Ages 13-17

Family Roots

Day 1 – Arrive into New York and settle into your hotel.  Dinner in an ethnic restaurant of your choice.  Explore that ethnic neighborhood with your knowledgeable, funny guide.

Day 2 – Go to Ellis Island, explore the museum with your guide and look up the records of your family members.

Day 3 – In the morning, visit the Tenement Museum on the Lower East Side.  After lunch, board your flight to Brussels, Belgium.

Day 4 – Upon arrival, meet your guide who will travel with you to Antwerp.  Explore the magnificent train station, and after checking into your hotel, spend the afternoon at the famous Antwerp Zoo, located next to the train station.

Day 5 – Visit the Red Star Line Museum in the former headquarters on the Antwerp docks where 1,000’s of European immigrants passed through before being transported to New York, Philadelphia and Halifax in the late 1800’s.  Access the Red Star Line databanks to search for family members who were admitted through Ellis Island. Typical dinner of mussels and fries.

Day 6 – Visit the Museum Aande Stroom, not far from the Red Star Line.  This museum features a viewable storage area where you can see and discuss how museums store, preserve and rotate their collections.  Other floors explore Prestige and Symbols, the Life of a City – Past, Present and Future, Trade and Shipping and Life and Death.  The view from the roof is spectacular over the port and city of Antwerp.

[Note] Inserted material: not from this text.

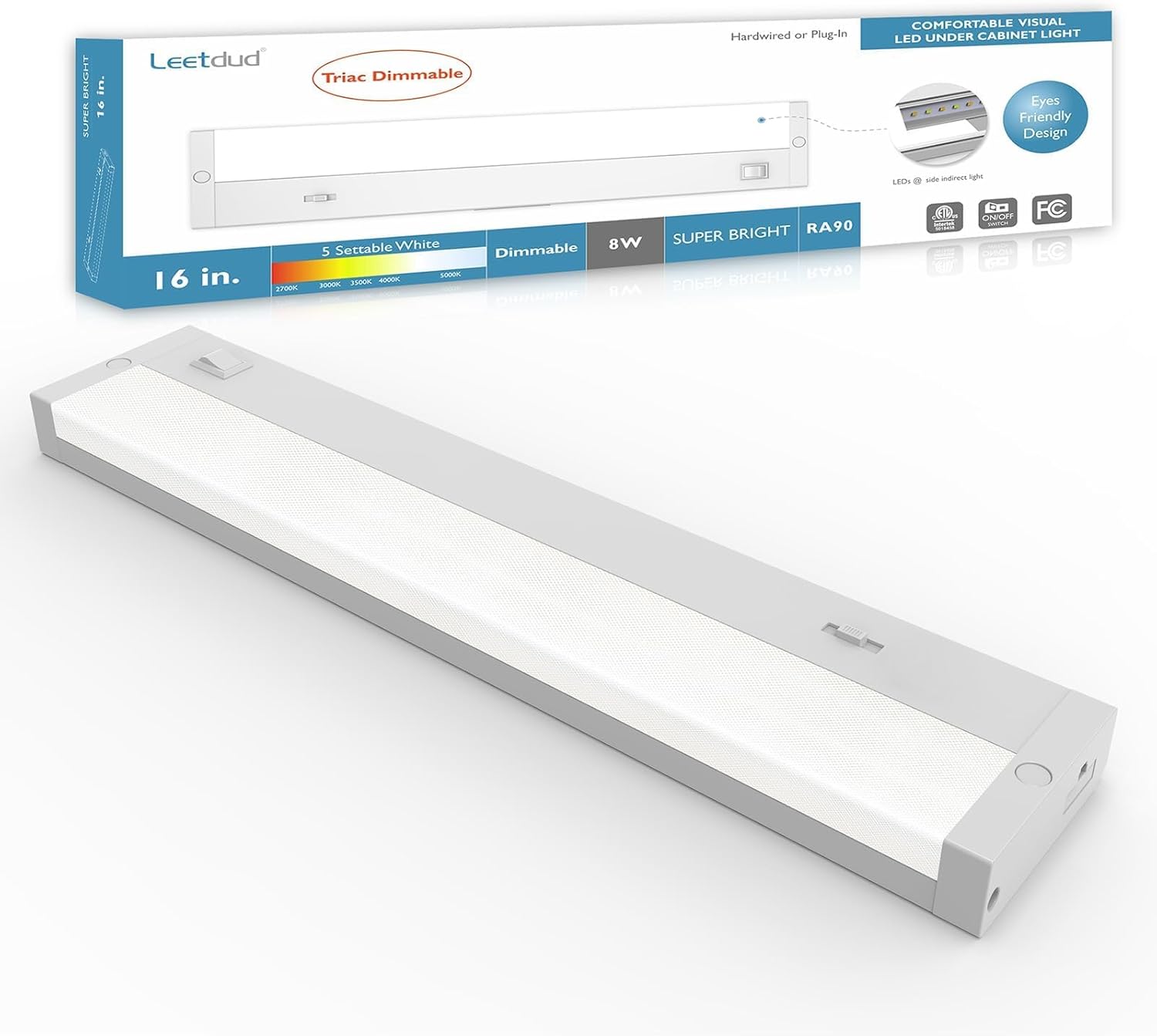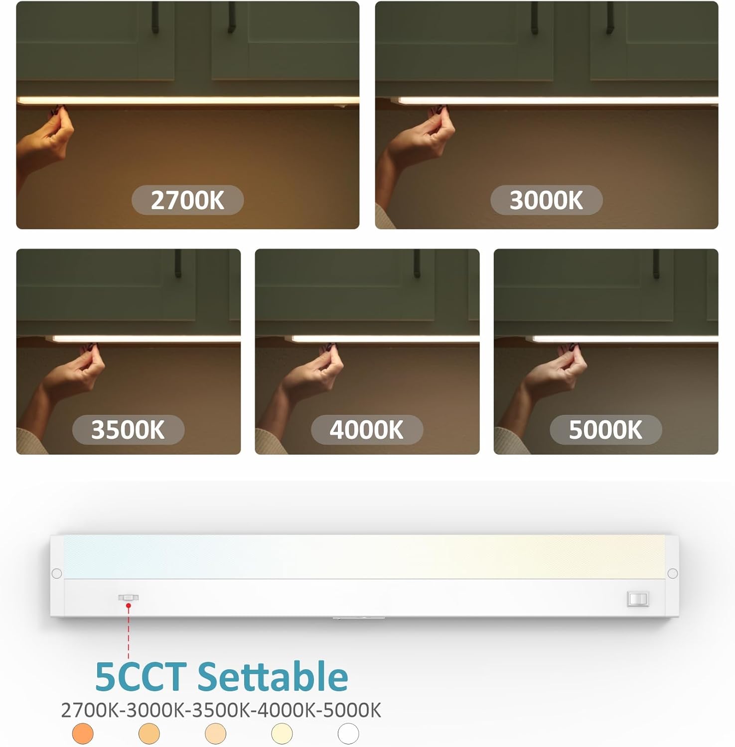 - 5 Color Temperature (CCT) Settable: Choose from Soft White (2700K), Warm White (3000K), Neutral Bright White (3500K), Cool White (4000K), or Daylight (5000K) with an On/Off switch, ideal for under cabinet lighting, counter light

Day 7 – Take the train with your guide to the city of Mechelen, a once magnificent, now sleepy port on the River Dijle.  Your walking tour will illuminate the history of the trade and emigration throughout European history and how the confluence of rivers in Belgium played a part in that over time. After lunch in a local brewery, visit Kazerne Dossin Memorial and Holocaust Museum to understand how the same trade routes which moved goods and immigrants also were used by the Nazis to move European Jews to Buchenwald.  Museum includes an exhibit which explains the progressive events which lead to genocide in a way that young people can relate to and another which chronicles other genocides past and present.

Day 8 – Take a train to the beautiful and charming walled town of Bruges.  Spend time on the river and canals there, explore the Beguinage, an example of the semi-monastic communities of wealthy women which existed from the 12th to the 19th centuries in the Low Countries.  They ministered during the day through various charities to their city residents, retreating at night to protected compounds.  Feed the famous swans and sample Belgian Waffles at one of the many stalls.

Day 9 – Return by train to the Brussels airport for the flight home.